Correlation matrix plot image in same directory (corr_mat.png)

Working example

Bar-dot plot

latest update v0.8.5

bioinfokit.visuz.stat.bardot(df, colorbar, colordot, bw, dim, r, ar, hbsize, errorbar, dotsize, markerdot, valphabar, valphadot, show, figtype, axxlabel, axylabel, axlabelfontsize, axlabelfontname, ylm, axtickfontsize, axtickfontname, yerrlw, yerrcw)

Parameters Description
df Pandas dataframe object
colorbar Color of bar graph [string or list][default:"#bbcfff"]
colordot Color of dots on bar [string or list][default:"#ee8972"]
bw Width of bar [float][default: 0.4]
dim Figure size [Tuple of two floats (width, height) in inches][default: (6, 4)]
r Figure resolution in dpi [int][default: 300]
ar Rotation of X-axis labels [float][default: 0]
hbsize Horizontal bar size for standard error bars [float][default: 4]
errorbar Draw standard error bars [bool (True or False)][default: True]
dotsize The size of the dots in the plot [float][default: 6]
markerdot Shape of the dot marker. See more options at https://matplotlib.org/3.1.1/api/markers_api.html [string][default: "o"]
valphabar Transparency of bars on plot [float (between 0 and 1)][default: 1]
valphadot Transparency of dots on plot [float (between 0 and 1)][default: 1]
figtype Format of figure to save.

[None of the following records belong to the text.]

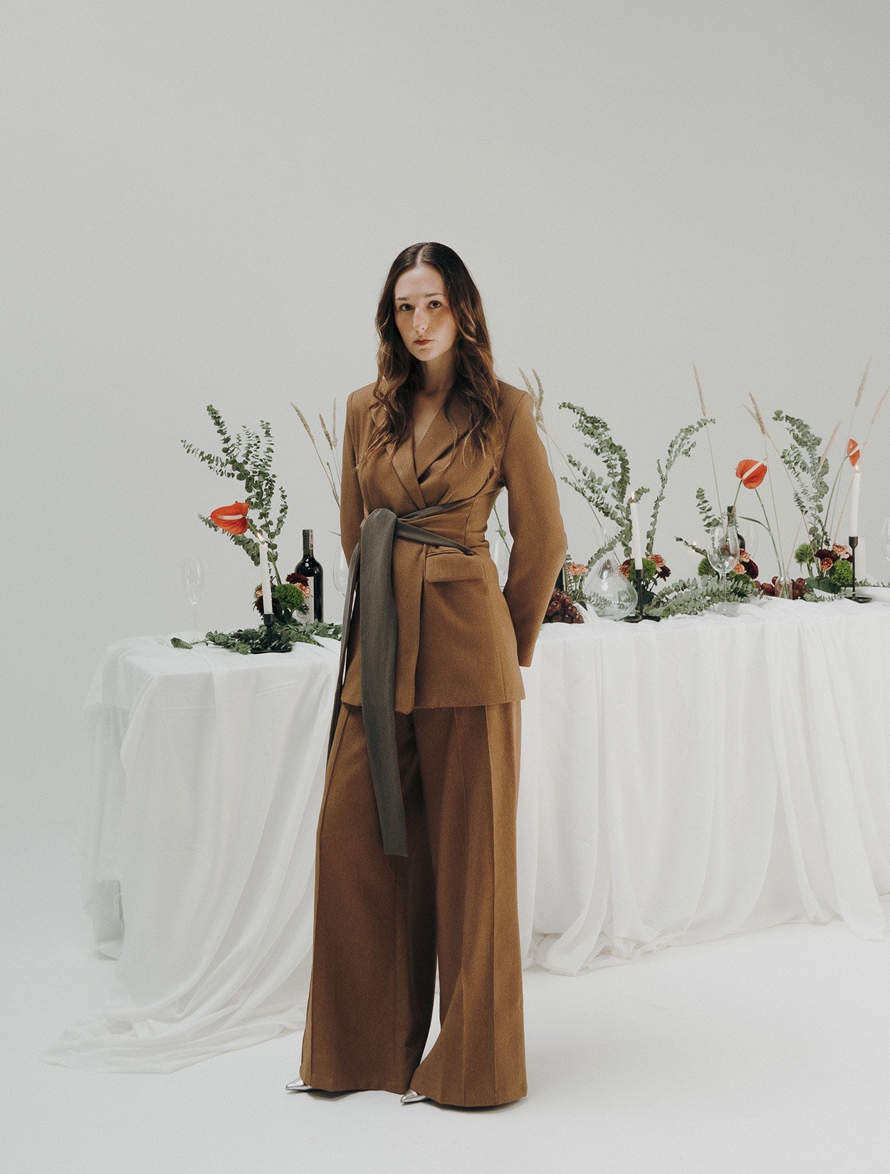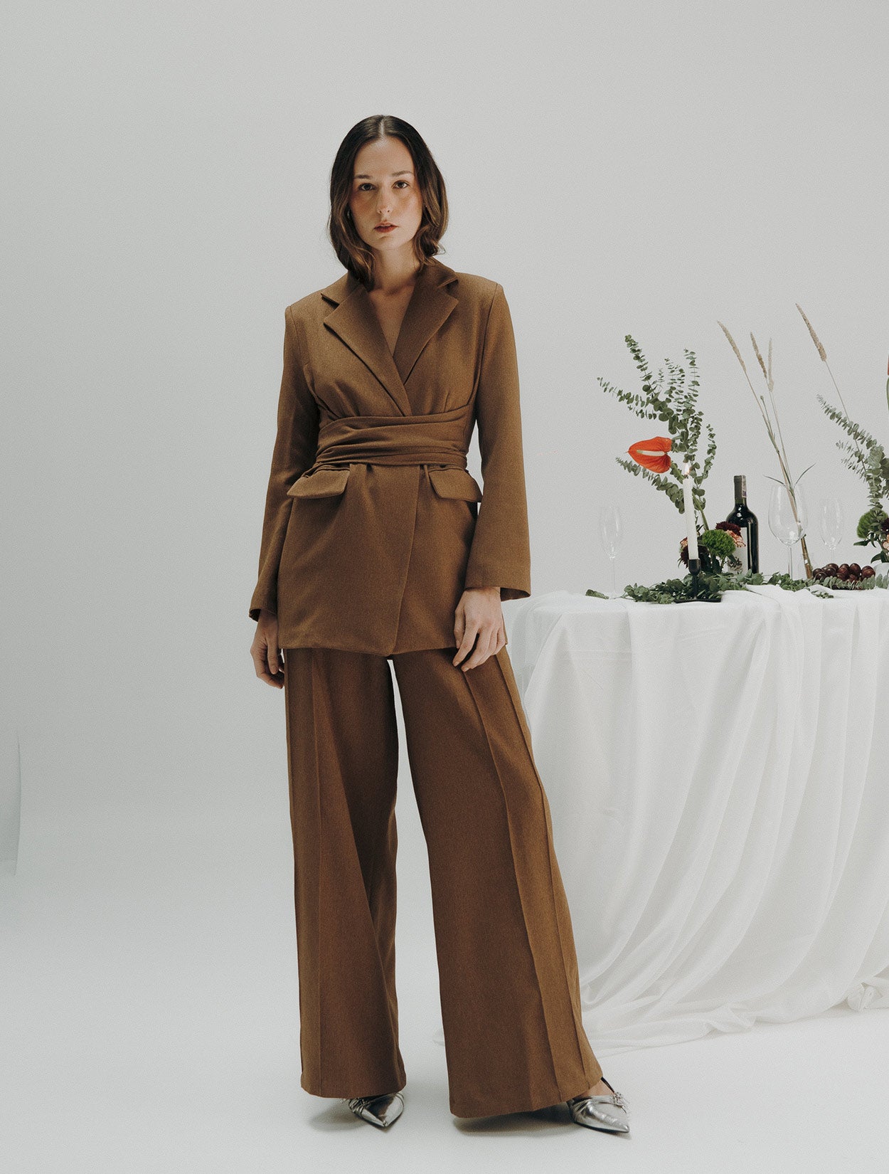Pantalón en paño ligero de corte amplio, con bota ancha. Presenta pespuntes marcados en el delantero y bolsillos de ribete que aportan funcionalidad sin romper la línea limpia del diseño.
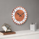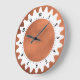 Um relógio com um design resistente e original. 24 engrenagens ao redor da borda com uma escala de hora e minuto com na moda numéricos claros em volta da borda interna. Disponível em várias cores diferentes. No entanto, a cor de fundo também pode ser personalizada.
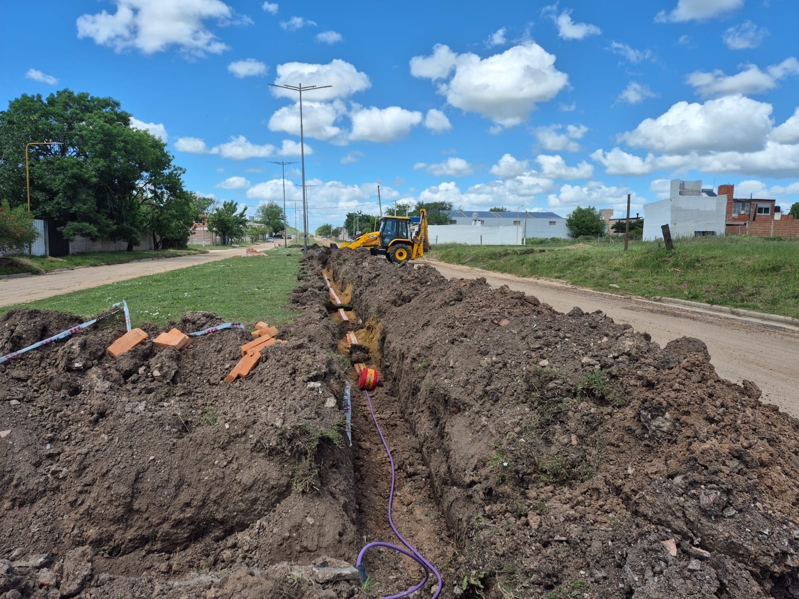 La intervención comenzó con la apertura de zanjas profundas a lo largo del cantero central, en las que se realiza la colocación de los conductores eléctricos subterráneos. Cada tramo de zanjeo es cuidadosamente rellenado con materiales seleccionados y protegido con cintas de señalización de seguridad, tal como lo indican las normativas técnicas vigentes. Este tipo de instalaciones garantiza mayor durabilidad, evita riesgos eléctricos y preserva la estética del entorno al eliminar el tendido aéreo tradicional.

Supported format are eps, pdf, pgf, png, ps, raw, rgba, svg, svgz [string][default:'png']
show Show the figure on console instead of saving in current folder [True or False][default:False]
axxlabel Label for X-axis. If you provide this option, default label will be replaced [string][default: None]
axylabel Label for Y-axis. If you provide this option, default label will be replaced [string][default: None]
axlabelfontsize Font size for axis labels [float][default: 9]
axlabelfontname Font name for axis labels [string][default: 'Arial']
ylm Range of ticks to plot on Y-axis [float Tuple (bottom, top, interval)][default: None]
axtickfontsize Font size for axis ticks [float][default: 9]
axtickfontname Font name for axis ticks [string][default: 'Arial']
yerrlw Error bar line width [float][default: None]
yerrcw Error bar cap width [float][default: None]

Returns:

Bar-dot plot image in same directory (bardot.png)

Working Example

One sample and two sample (independent and paired) t-tests

latest update v0.9.6

bioinfokit.analys.stat.ttest(df, xfac, res, evar, alpha, test_type, mu)

Parameters Description
df Pandas dataframe for appropriate t-test.
One sample: It should have atleast dependent (res) variable
Two sample independent: It should have independent (xfac) and dependent (res) variables
Two sample paired: It should have two dependent (res) variables
xfac Independent group column name with two levels [string][default: None]
res Dependent variable column name [string or list or Tuple][default: None]
evar t-test with equal variance [bool (True or False)][default: True]
alpha Significance level for confidence interval (CI). If alpha=0.05, then 95% CI will be calculated [float][default: 0.05]
test_type Type of t-test [int (1,2,3)][default: None].
1: One sample t-test
2: Two sample independent t-test
3: Two sample paired t-test
mu Population or known mean for the one sample t-test [float][default: None]

Returns:

Summary output as class attribute (summary)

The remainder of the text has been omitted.